Possibly my favourite figure from the entire range of 'characters'. This pose really lends itself to a vignette with the figure talking to a figure on foot. The perfect figure for this being the General Coaker collectable figure from PP.
Originally these limited free figures were available for attendees at PP game days, but more recently they have become a wonderful way of remembering gamers and friends of PP who have passed away. Limited to one per household, I'd already utilised my General Coaker figure in a regiment of foot, but was fortunate to be a gifted another (thanks Will). Maybe the figure on foot has just climbed down from a tree at Naseby and is reporting the location of the King to his colonel?
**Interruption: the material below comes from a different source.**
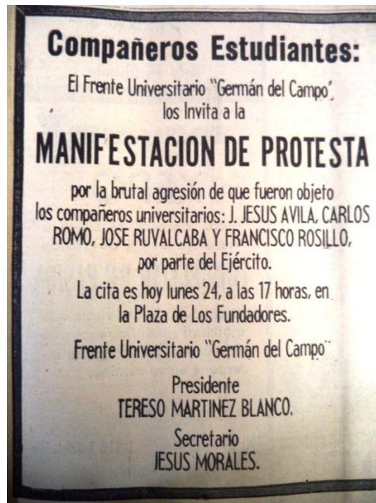
El Herald, 24 de noviembre de 1958

John Okey was a London merchant, and later an MP for Bedfordshire. He's probably much better known as a colonel of dragoons who lined the Sulby hedges at Naseby, and as a signatory of Charles I's death warrant.
Some claimed that Okey was a brewer, his family appear to have been relatively prosperous, and by 1640 he owned a ship chandlers in London.
Okey was a captain in Richard Browne's Regiment of Dragoons before joining Lord Brooke's Regiment of Horse in February 1643, where he served until May of that year. He transferred to Hesselrigge's Regiment of Horse initially as a captain, being promoted to major in July 1644. In April 1645 he would be promoted to colonel of the newly formed NMA Regiment of Dragoons.
At Naseby his dragoons famously lined the hedges at Sulby, and it is close to there that he is reputed to have seen the King.
In 1648, he was appointed a commissioner to the High Court of Justice, and was one of 135 men who were selected and appointed by "An Act of the Commons Assembled in Parliament" to try the King. Okey was present for most of the court's sittings of Charles's trial. In turn he would sign the King's death warrant.
Involved in The Humble Petition of Several Colonels of the Army in 1654, he would be disciplined and lose his commission.
He lived in the Round House at Brogborough during the 1650s and his estates included the honour of Ampthill, the manor of Millbrook, Brogborough Park and Lodge and lands in Leighton Buzzard. During this period he was active in Bedfordshire affairs and as a Justice of the Peace. He may have been involved in the establishment of John Bunyan’s first Baptist church in Bedford.
After the Restoration he fled abroad, but was betrayed, arrested and returned to England where he was tried and executed as a regicide.
I'm Black Tom, and tonight Matthew I'm going to be Sir Edward Rossiter. Sir Edward has graced these pages before, or rather his Regiment of Horse has.
Rossiter’s family acquired gentry status in Lincolnshire in the 16th century. He was indicted for treason at the Grantham assizes in 1643, and took a prominent part in the first Civil War as a Parliamentarian officer. He was again in arms against the Royalist garrison of Pontefract in 1648, but as a staunch Presbyterian abstained from the House after Pride’s Purge.